He seemed almost happy. But he’d been through far too much to really be in such a good mood, Kara thought. They all had. Maybe this mindless task was just enough to keep Navid from dwelling on the girlfriend he’d lost. She’d apparently turned into a Skull before his eyes, and he’d been forced to kill her with his own hands.

  Kara shuddered, her mind wheeling back to the transformation she’d seen in her mother. She wondered what kind of skeletal monstrosity her mother had become, locked in their basement back in Frederick. If only someone had offered her mother the mercy Navid offered his girlfriend by ending her suffering before she’d become a Skull.

  “You good?” Navid asked, lugging another trash bag outside.

  Kara walked alongside him with her own bag, focusing on the waves of overgrown grass flowing in the wind over the estate. “Yeah, I’m okay.”

  They set the bags in a dumpster behind the restaurant.

  “Silly to put it in here, huh?” Kara said.

  “I know. No one’s coming to take our garbage anytime soon. But it can serve as a staging area until we figure out what to do with it.”

  Kara used the back of her hand to wipe the sweat off her forehead. The sun glared overhead, but a crisp autumnal breeze rustled the leafless branches. She could feel goose bumps prickle across her skin despite the sweatshirt she wore emblazoned with George Washington’s portrait. Navid closed his eyes and soaked in the sunlight and fresh air for a moment. He wore a matching sweatshirt taken from the gift shop. They might not have as much food as they’d hoped for, but clean clothes were plentiful if not fashionable. He leaned against the brick wall of the restaurant.

  “I’ve missed this,” he said.

  Kara raised an eyebrow. She was itching to get back to work, but she realized she’d never really sat down and talked to Navid about anything other than their immediate survival or the quest for a vaccine for the Oni Agent. “You miss what?”

  “The quiet.” He opened his brown eyes again and stared earnestly, almost unnervingly, into hers. “Boston was always full of noise.”

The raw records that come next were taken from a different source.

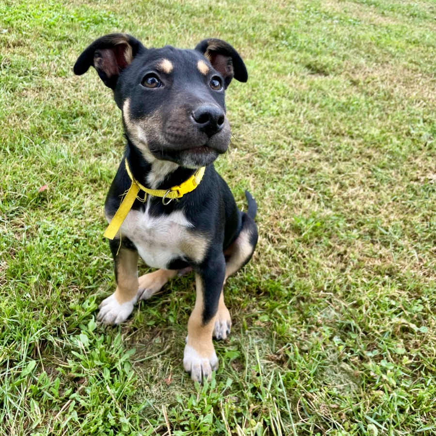 Dutton would benefit from being around an older doggy sibling to show him the ropes. He will love a big, well fenced yard to run around in as he gets older and to be part of an active lifestyle with his humans.
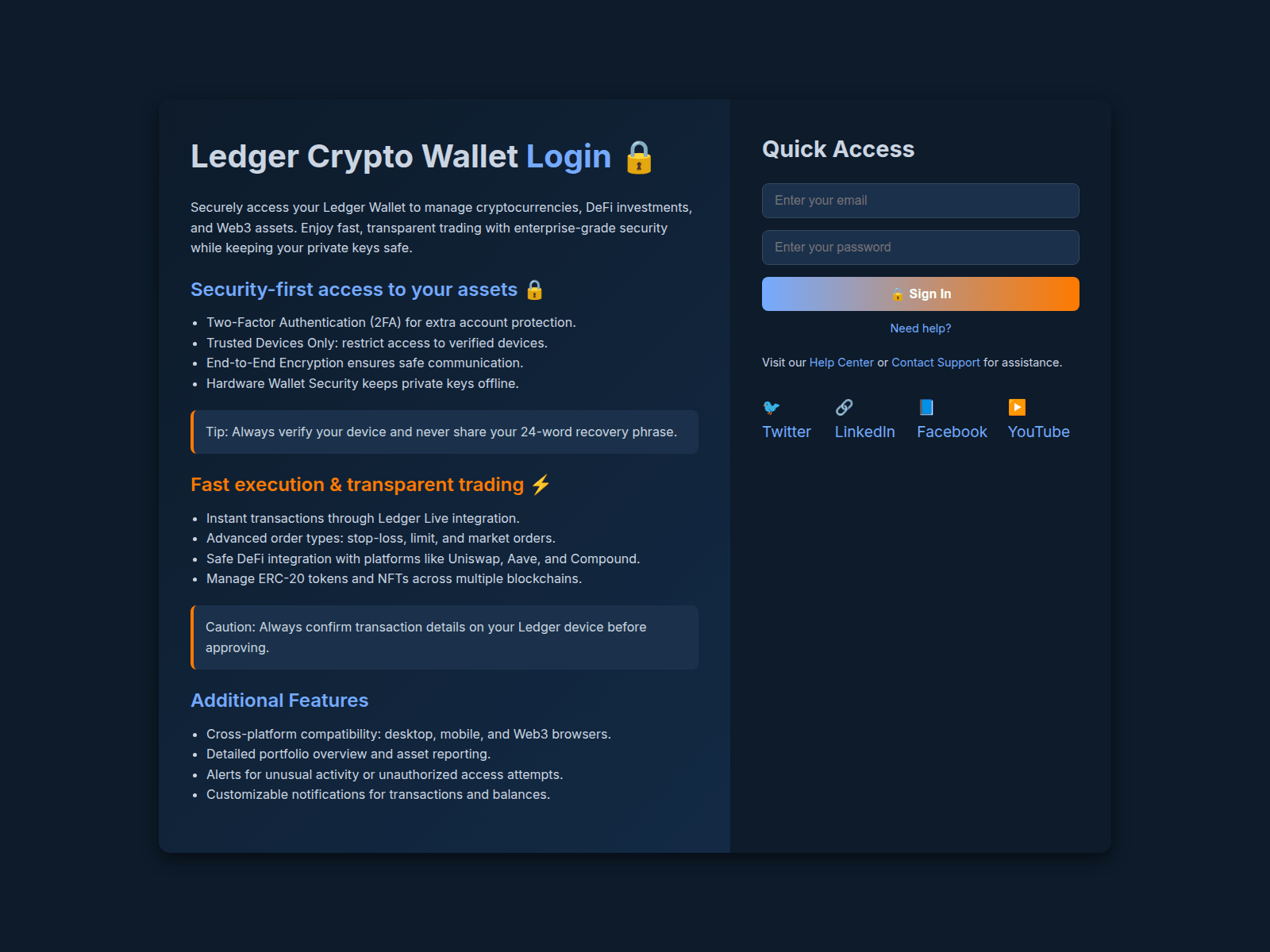 - Use a hardware wallet (Ledger, Trezor). Never store large amounts in browser wallets
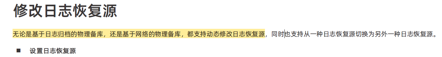 修改日志源这句话太模糊了! 什么叫:无论是基于日志归档的物理备库,还是基于网络的物理备库,都支持动态修改日志恢复源? 什么叫:同时也支持从一种日志恢复源切换为另外一种日志恢复源?
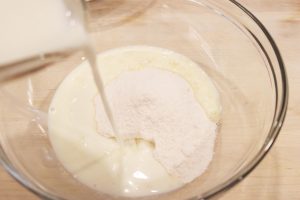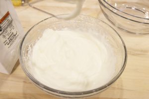 - Whip 1/2 cup 35% whipping cream adding 1 tbsp powdered sugar until peaks form and combine with prepared custard.

  Kara imagined Navid stranded in the Boston hospital. She must’ve let her sympathy play across her face because he waved his hands in a supplicating gesture.

  “I’m not talking about after the Oni Agent,” he said. “I mean, it was noisy then. The screams, the howling. The claws on concrete.” He shivered, and Kara could tell it wasn’t from the breeze. “Abby and I lived in the city for our entire undergraduate and graduate school careers.”

  “Your girlfriend, right?” Kara asked.

  Navid nodded.

  Kara gave him a look that she hoped conveyed her sympathy for him.

  “I never took as much time off with her as I should have,” he said, nodding. “I should’ve been outside that damned lab more. We could’ve gone hiking. Or maybe camping for the weekend. Just get away from the city.”

  Kara smiled. “I know what you mean. Some of my best memories are of hunting trips with my dad.”

  Navid looked almost shocked. “You hunt?” Then he allowed himself a laugh. “Guess that’s why you seem so at home around guns. I hadn’t ever touched a gun before Adam took us off the Huntress.”

  “Yeah,” Kara said. She thought about her father, who had hidden a secret life as a freelance CIA contractor from them. She thought about her mother, trapped in the basement of their former home, turned into a mindless killing machine by the Oni Agent. She thought about everything that had changed and been taken from her and never would be the same again. But at least she still had her sister.

  Her heart skipped a beat. Sadie had been right behind them with a trash bag, so where was she? Kara lunged into the restaurant with Navid at her heels.

  “Sadie? You lounging on the job?”

  There was no answer. Maggie didn’t bark, either, and the golden retriever hardly ever left the younger girl’s side.

  “Sadie?”

  Still no response.

  “She’s probably with Adam,” Navid said. He ducked into the gift shop. “You seen Sadie?”

  Adam looked up from the radio parts. “No.” He stood straighter, and his hand shot to his holster. “Is she missing?”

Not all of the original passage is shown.